The HeadlessRunner enables tasks without an active browser user: the same policy logic, the same audit layer, but no external HTTP request required. An internal scheduler triggers tasks based on time.

The first practical result: a daily morning briefing via email. Weather, calendar preview for the next few days, configurable news feeds from RSS sources. What was required here: structured data (weather, calendar appointments) must not simply be interpreted by the LLM – otherwise, hallucinations occur. The solution is direct extraction from tool outputs in Python before the LLM formulates the body text.

The HeadlessRunner is now also the basis for planned messenger integration. The architecture is in place – a Telegram webhook would be a new route plus a mapping of external user IDs to internal user IDs.

Phase 6: The Web UI

Algroveon-Agent has a full browser interface, built with FastAPI, HTMX, and the Tabler CSS framework – hosted entirely locally, no external CDN.

Eight UI areas: Chat session, session overview, approval center, memory management, tool reference, diagnostics, settings, and an admin area for user management. All pages are server-side rendered – no JavaScript framework, no build step.

What worked well: HTMX for the SSE stream. The chat stream runs via Server-Sent Events. An initial HTTP request saves the user message and immediately returns a response: a user bubble in the HTML plus a placeholder div with an SSE connection attribute. A second GET request opens the stream, drives the agentic loop, and replaces the placeholder via hx-swap="outerHTML" with the finished response.

This results in reactive streaming behavior without a single line of frontend JavaScript for the streaming part.

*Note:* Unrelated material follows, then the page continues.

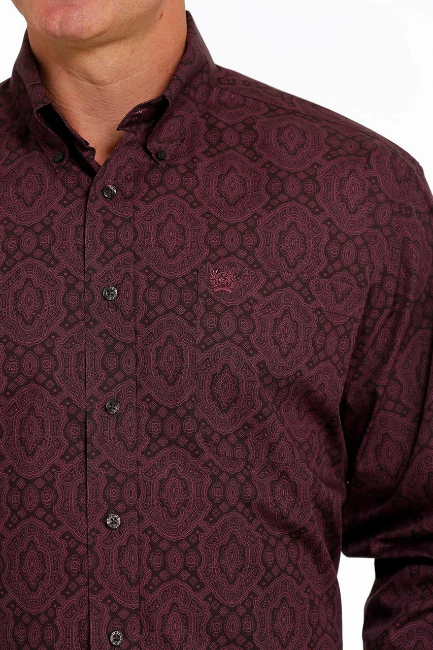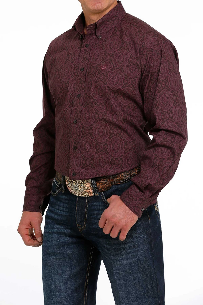 Brown and Purple Paisley Print Long Sleeve Button Down Shirt.

Algroveon-Agent – Chat Interface — The chat interface – streaming responses, profile selection, session history

Phase 7: Algroveon Mac

The browser UI is complete, but on the desktop, I wanted more: a menu bar icon, native notifications for approval requests, and chat without a browser tab.

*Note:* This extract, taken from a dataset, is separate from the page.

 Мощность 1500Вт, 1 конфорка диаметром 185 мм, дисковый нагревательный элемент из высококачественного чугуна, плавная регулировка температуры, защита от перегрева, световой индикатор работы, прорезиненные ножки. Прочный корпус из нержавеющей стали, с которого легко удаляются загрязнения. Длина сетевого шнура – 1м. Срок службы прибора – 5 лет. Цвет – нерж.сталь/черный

Algroveon Mac is a pure SwiftUI app without third-party dependencies. The core idea: the Mac is not a second AI system, but a local tool executor. The LLM runs on the home server. The Mac handles macOS-native actions: calendar via EventKit, addresses via Contacts, Keychain for token storage.

The communication protocol between the Mac client and the server uses WebSockets with HMAC-signed messages. The server dispatches tool calls to the registered client, the client executes them and sends the result back. Replay protection via a ring buffer of dispatch IDs and an expires_at field prevents old dispatches from being replayed.

What I learned

Agentic systems are not difficult because the LLM is bad. They are difficult because of orchestration: multi-turn loops that break out. Tool calls from thinking blocks that are mistakenly recognized. Memory poisoning via external content. Approval waits that block within the stream context.

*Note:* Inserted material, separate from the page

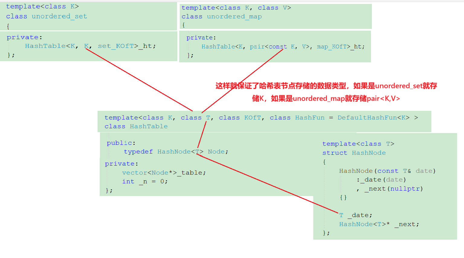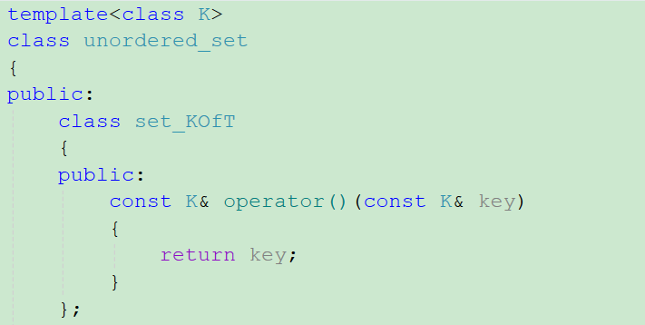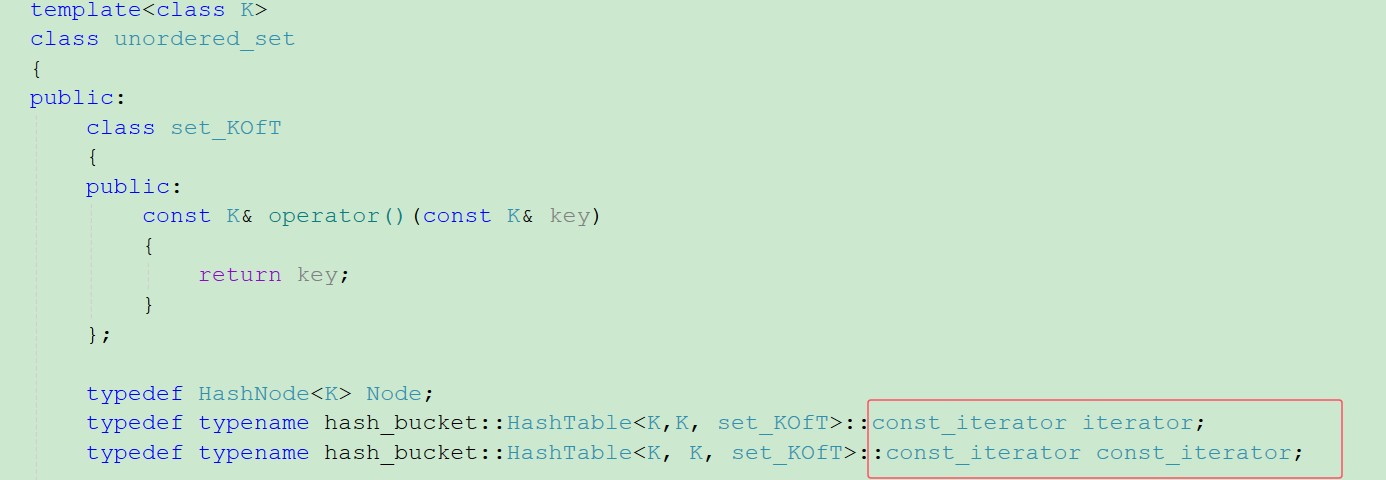 {template<class K>class unordered_set{public:class set_KOfT{public:const K& operator()(const K& key){return key;}};typedef HashNode<K> Node;typedef typename hash_bucket::HashTable<K,K, set_KOfT>::const_iterator iterator;typedef typename hash_bucket::HashTable<K, K, set_KOfT>::const_iterator const_iterator;iterator find(const K& key){return _ht.find(key);}pair<iterator,bool> insert(const K& key){pair<typename hash_bucket::HashTable<K, K, set_KOfT>::iterator, bool> ret = _ht.insert(key);return pair<const_iterator, bool>(ret.first, ret.second);}bool erase(const K& key){return _ht.erase(key);}iterator begin() const{return _ht.begin();}iterator end() const {return _ht.end();}private:HashTable<K, K, set_KOfT>_ht;};}

Each of these problems is solvable – but each requires its own logic, and every solution has its own edge cases.

The profile system as a central configuration layer was one of the best early decisions. The policy engine as a deterministic security layer too. Without an awareness of these problems, I might not have built both this way from the start.

What is still missing: RAG for large documents (foundation exists), voice interface, messenger integration. That will come – the big leap in architecture and security model has been made.